This project demonstrates a complete end-to-end machine learning workflow using the Telco Customer Churn Dataset. The objective is to build and compare multiple classification models to predict whether a customer is likely to churn, and identify the best-performing model using evaluation metrics and hyperparameter tuning.
Dataset: Telco Customer Churn
- Applied data cleaning and preprocessing
- Removed irrelevant features
- Performed encoding and scaling
- Conducted exploratory data analysis and visualization
- Trained and evaluated multiple ML models
- Applied hyperparameter tuning using
GridSearchCVandRandomizedSearchCV
- Train and compare multiple machine learning models
- Evaluate models using Accuracy, Precision, Recall, and F1-Score
- Tune models using hyperparameter search techniques
- Analyze and select the best-performing model based on business objectives
- Logistic Regression
- Decision Tree
- Random Forest
- Support Vector Machine (SVM)
- K-Nearest Neighbors (KNN)
- Naive Bayes
- Class distribution of the target variable
- Correlation heatmap
- Before vs After Scaling comparison
- Accuracy, Precision, Recall, F1-Score comparison (before and after tuning)
| Model | Accuracy | Precision | Recall | F1-Score |
|---|---|---|---|---|
| Logistic Regression | 0.8038 | 0.6485 | 0.5722 | 0.6080 |
| Decision Tree | 0.7050 | 0.4459 | 0.4519 | 0.4489 |
| Random Forest | 0.7797 | 0.6096 | 0.4759 | 0.5345 |
| SVM | 0.7910 | 0.6351 | 0.5027 | 0.5612 |
| KNN | 0.7527 | 0.5359 | 0.5187 | 0.5272 |
| Naive Bayes | 0.7356 | 0.5018 | 0.7513 | 0.6017 |
| Model | Accuracy | Precision | Recall | F1-Score |
|---|---|---|---|---|
| Logistic Regression | 0.8038 | 0.6485 | 0.5722 | 0.6080 |
| Decision Tree | 0.7754 | 0.5980 | 0.4733 | 0.5284 |
| Random Forest | 0.7910 | 0.6408 | 0.4866 | 0.5532 |
| SVM | 0.7989 | 0.6409 | 0.5535 | 0.5940 |
| KNN | 0.7719 | 0.5730 | 0.5561 | 0.5645 |
| Naive Bayes | 0.7356 | 0.5018 | 0.7513 | 0.6017 |
- Logistic Regression: Highest accuracy and balanced performance even after tuning. Interpretable and generalizes well.

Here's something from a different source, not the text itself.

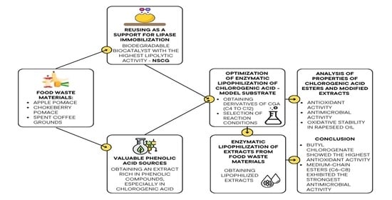 Addressing global food waste challenges, this study investigated plant-based byproducts, spent coffee grounds, apple, and chokeberry pomaces, as sources of phenolic acids and biodegradable carriers for lipase immobilization. The goal was to enhance the lipophilicity and functionality of natural phenolics by enzymatic lipophilization. Microbial lipase from A. oryzae was immobilized on these materials, with native spent coffee grounds (NSCG) showing the highest activity (6.0 U/g hydrolytic; 1036 U/g synthetic). Chlorogenic acid (CGA), predominant in extracts, served as a model substrate. Using response-surface methodology, optimal conditions for butyl-CGA synthesis were determined. This is the first report of CGA lipophilization using food-waste-immobilized biocatalysts, where reaction yield for NSCG increased with alcohol chain length, peaking with dodecanol (34.06%). Among synthesized esters, butyl chlorogenate displayed the highest antioxidant activity, comparable to free CGA and BHT, and increased lipophilicity, though a “cut-off” effect appeared for longer chains. Medium-chain esters (C6, C8) showed selective antimicrobial activity against Gram-positive bacteria. While lipophilization of chokeberry pomace and spent coffee grounds extracts reduced antioxidant activity, short-chain esters (C4–C6) improved rapeseed oil stability. The findings highlight food waste as a sustainable source for developing biocatalysts and value-added bioactives with enhanced functional properties.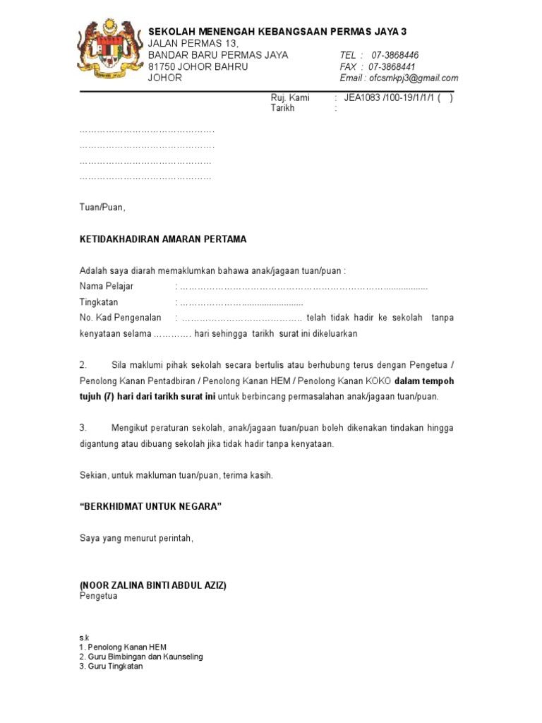 Surat Amaran Tidak Hadir Ke Sekolah Doc

- Naive Bayes: Highest recall — useful when the goal is to catch more churners (important for retention strategies).
- SVM & Random Forest: Achieved strong balance between precision and recall after tuning.
This project successfully covered the entire machine learning pipeline:
- 📌 Preprocessing: Feature removal, encoding, and scaling
- 🧠 Modeling: Trained six classifiers and compared their performance
- ⚙️ Tuning: Improved results using GridSearchCV & RandomizedSearchCV
- 📉 Evaluation: Focused on meaningful metrics like recall and F1-score for imbalanced data
- 📊 Visualization: Enhanced interpretability and presentation of results
- 📌 No single model fits all — selection depends on business goals (maximize recall vs precision)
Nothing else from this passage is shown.